• [DATA SHOWN]
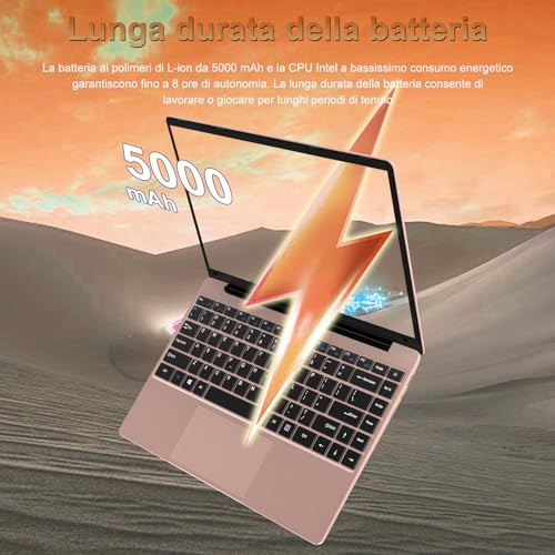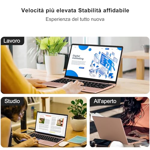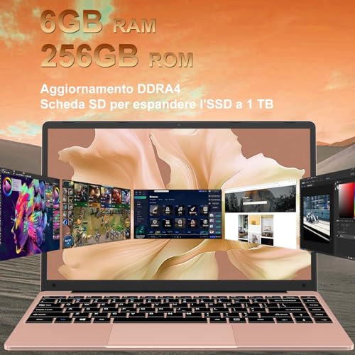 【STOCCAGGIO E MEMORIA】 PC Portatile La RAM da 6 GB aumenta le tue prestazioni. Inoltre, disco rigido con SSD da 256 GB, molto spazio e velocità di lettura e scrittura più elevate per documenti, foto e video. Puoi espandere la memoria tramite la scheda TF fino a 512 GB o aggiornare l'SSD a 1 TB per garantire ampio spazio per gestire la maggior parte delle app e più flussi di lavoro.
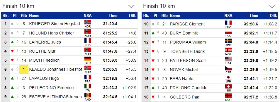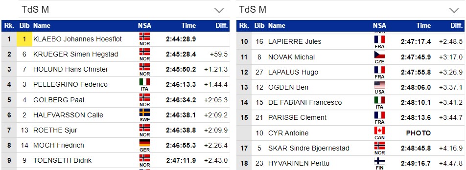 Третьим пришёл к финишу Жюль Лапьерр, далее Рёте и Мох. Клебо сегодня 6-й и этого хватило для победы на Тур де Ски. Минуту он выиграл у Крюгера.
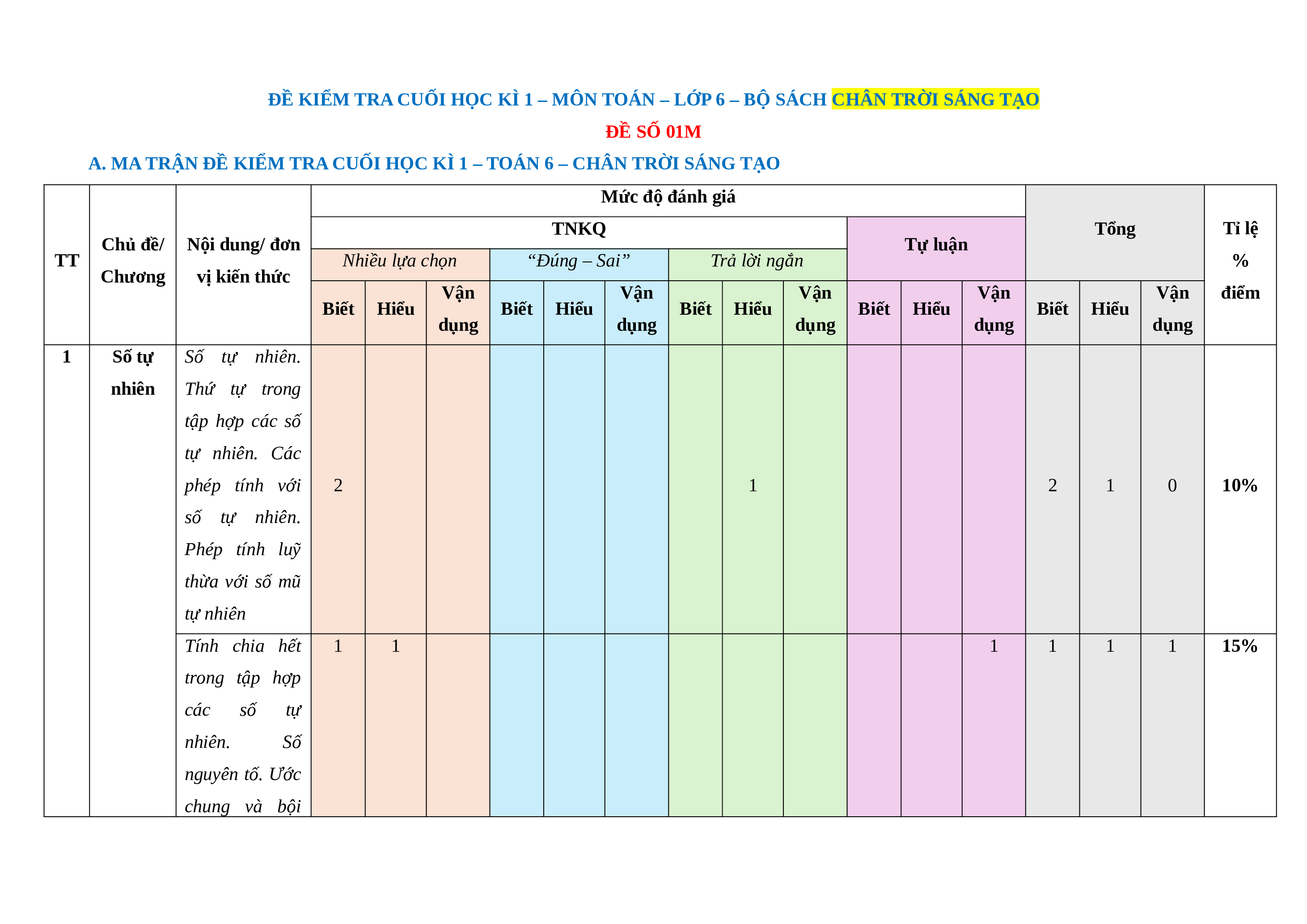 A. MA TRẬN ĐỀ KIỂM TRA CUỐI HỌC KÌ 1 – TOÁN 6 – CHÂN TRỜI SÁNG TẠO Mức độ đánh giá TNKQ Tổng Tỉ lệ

• [EXERCISE BRIEF]
Print, exactly as written, the lines from the one containing "Третьим пришёл к" to the end of the material, both ends included, and nothing else; no pictures.

• [SOLUTION TO THIS TASK]
 Третьим пришёл к финишу Жюль Лапьерр, далее Рёте и Мох. Клебо сегодня 6-й и этого хватило для победы на Тур де Ски. Минуту он выиграл у Крюгера.
 A. MA TRẬN ĐỀ KIỂM TRA CUỐI HỌC KÌ 1 – TOÁN 6 – CHÂN TRỜI SÁNG TẠO Mức độ đánh giá TNKQ Tổng Tỉ lệ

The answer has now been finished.